In the material below, find the line containing "The bigger the" and the line containing "公司董事长张少荣(黄色安全帽". Output those two lines and all lines between them exactly, without pictures.

(DATASET EXCERPTS)

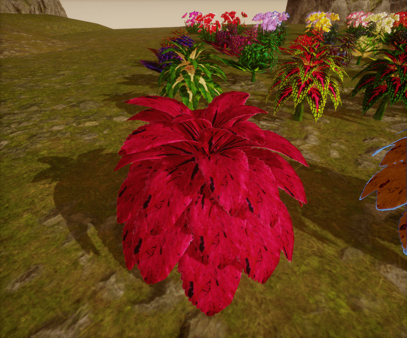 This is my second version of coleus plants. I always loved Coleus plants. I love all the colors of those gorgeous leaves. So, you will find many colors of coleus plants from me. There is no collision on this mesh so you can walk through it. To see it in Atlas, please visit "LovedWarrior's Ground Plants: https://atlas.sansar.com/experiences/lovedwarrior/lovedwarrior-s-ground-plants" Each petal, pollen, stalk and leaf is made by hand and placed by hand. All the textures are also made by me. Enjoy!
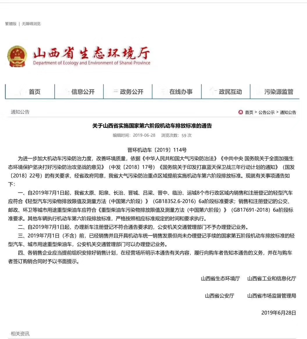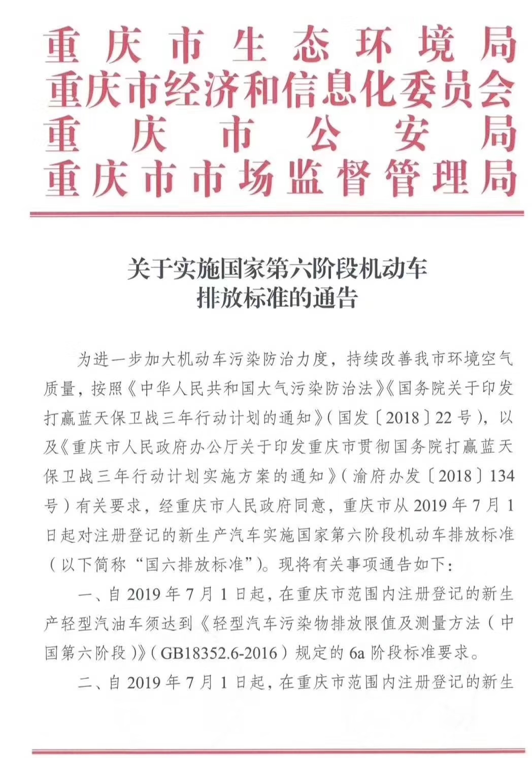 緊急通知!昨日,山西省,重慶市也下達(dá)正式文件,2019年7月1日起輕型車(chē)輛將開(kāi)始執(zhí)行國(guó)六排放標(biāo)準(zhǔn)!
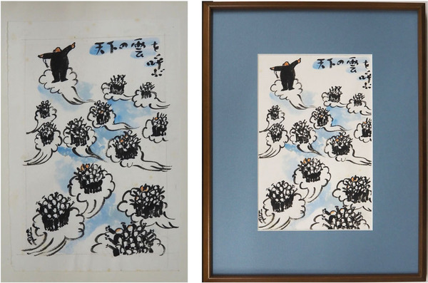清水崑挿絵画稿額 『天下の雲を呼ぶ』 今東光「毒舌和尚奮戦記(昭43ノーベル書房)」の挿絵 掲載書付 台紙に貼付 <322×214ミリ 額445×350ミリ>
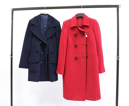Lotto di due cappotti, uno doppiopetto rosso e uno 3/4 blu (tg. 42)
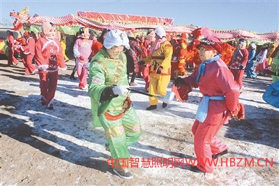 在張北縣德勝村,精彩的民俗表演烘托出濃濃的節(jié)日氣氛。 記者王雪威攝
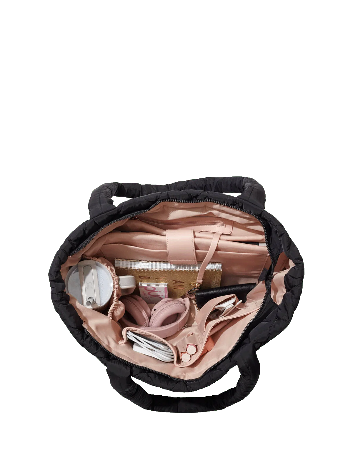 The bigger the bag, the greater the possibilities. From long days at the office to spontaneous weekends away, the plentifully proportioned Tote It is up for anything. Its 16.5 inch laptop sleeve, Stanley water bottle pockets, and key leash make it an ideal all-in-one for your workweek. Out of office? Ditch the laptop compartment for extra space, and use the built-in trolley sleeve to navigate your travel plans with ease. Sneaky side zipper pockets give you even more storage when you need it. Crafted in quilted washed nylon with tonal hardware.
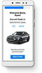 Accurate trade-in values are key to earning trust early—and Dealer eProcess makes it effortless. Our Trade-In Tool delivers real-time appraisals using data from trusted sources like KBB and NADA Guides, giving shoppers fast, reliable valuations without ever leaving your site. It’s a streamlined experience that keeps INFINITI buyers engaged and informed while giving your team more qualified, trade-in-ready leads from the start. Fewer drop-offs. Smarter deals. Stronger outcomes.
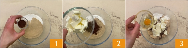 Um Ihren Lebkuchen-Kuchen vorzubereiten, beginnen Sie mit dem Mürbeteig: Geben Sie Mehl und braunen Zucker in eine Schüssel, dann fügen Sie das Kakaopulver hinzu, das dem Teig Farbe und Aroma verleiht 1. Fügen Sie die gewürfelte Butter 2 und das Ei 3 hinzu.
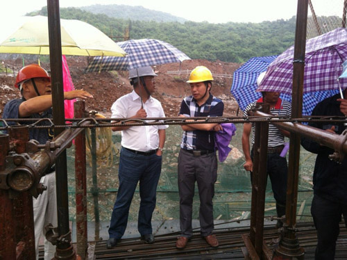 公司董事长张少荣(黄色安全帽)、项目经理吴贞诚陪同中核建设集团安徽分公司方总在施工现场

(End DATASET EXCERPTS)
(DATASET EXCERPTS)

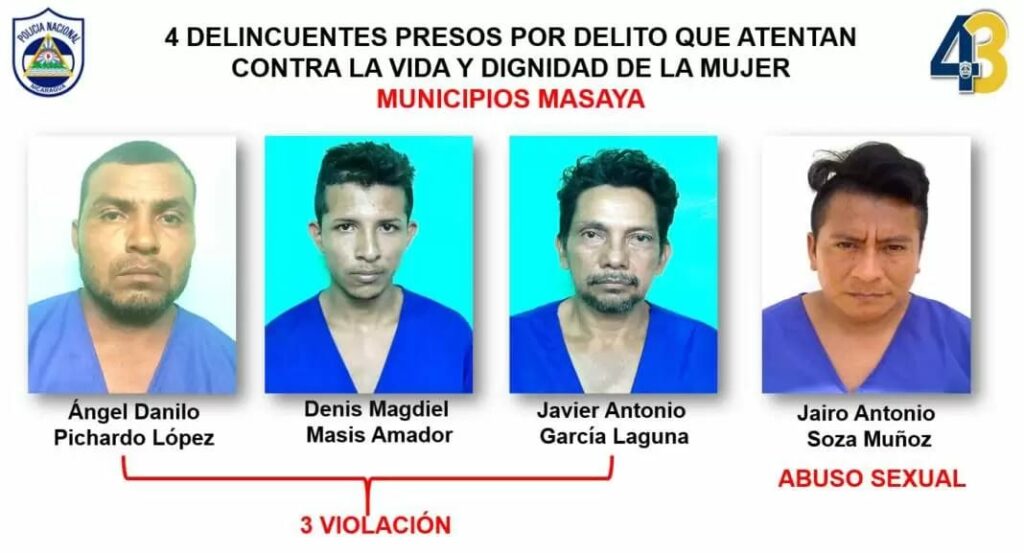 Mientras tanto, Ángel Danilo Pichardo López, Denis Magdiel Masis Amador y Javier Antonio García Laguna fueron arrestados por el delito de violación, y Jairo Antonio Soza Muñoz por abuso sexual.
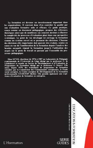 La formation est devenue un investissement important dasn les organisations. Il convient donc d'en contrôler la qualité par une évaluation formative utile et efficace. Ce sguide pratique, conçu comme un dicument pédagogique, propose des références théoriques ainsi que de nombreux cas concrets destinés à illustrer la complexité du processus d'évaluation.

(End DATASET EXCERPTS)

**ANSWER FOR THIS EXERCISE**
 The bigger the bag, the greater the possibilities. From long days at the office to spontaneous weekends away, the plentifully proportioned Tote It is up for anything. Its 16.5 inch laptop sleeve, Stanley water bottle pockets, and key leash make it an ideal all-in-one for your workweek. Out of office? Ditch the laptop compartment for extra space, and use the built-in trolley sleeve to navigate your travel plans with ease. Sneaky side zipper pockets give you even more storage when you need it. Crafted in quilted washed nylon with tonal hardware.
 Accurate trade-in values are key to earning trust early—and Dealer eProcess makes it effortless. Our Trade-In Tool delivers real-time appraisals using data from trusted sources like KBB and NADA Guides, giving shoppers fast, reliable valuations without ever leaving your site. It’s a streamlined experience that keeps INFINITI buyers engaged and informed while giving your team more qualified, trade-in-ready leads from the start. Fewer drop-offs. Smarter deals. Stronger outcomes.
 Um Ihren Lebkuchen-Kuchen vorzubereiten, beginnen Sie mit dem Mürbeteig: Geben Sie Mehl und braunen Zucker in eine Schüssel, dann fügen Sie das Kakaopulver hinzu, das dem Teig Farbe und Aroma verleiht 1. Fügen Sie die gewürfelte Butter 2 und das Ei 3 hinzu.
 公司董事长张少荣(黄色安全帽)、项目经理吴贞诚陪同中核建设集团安徽分公司方总在施工现场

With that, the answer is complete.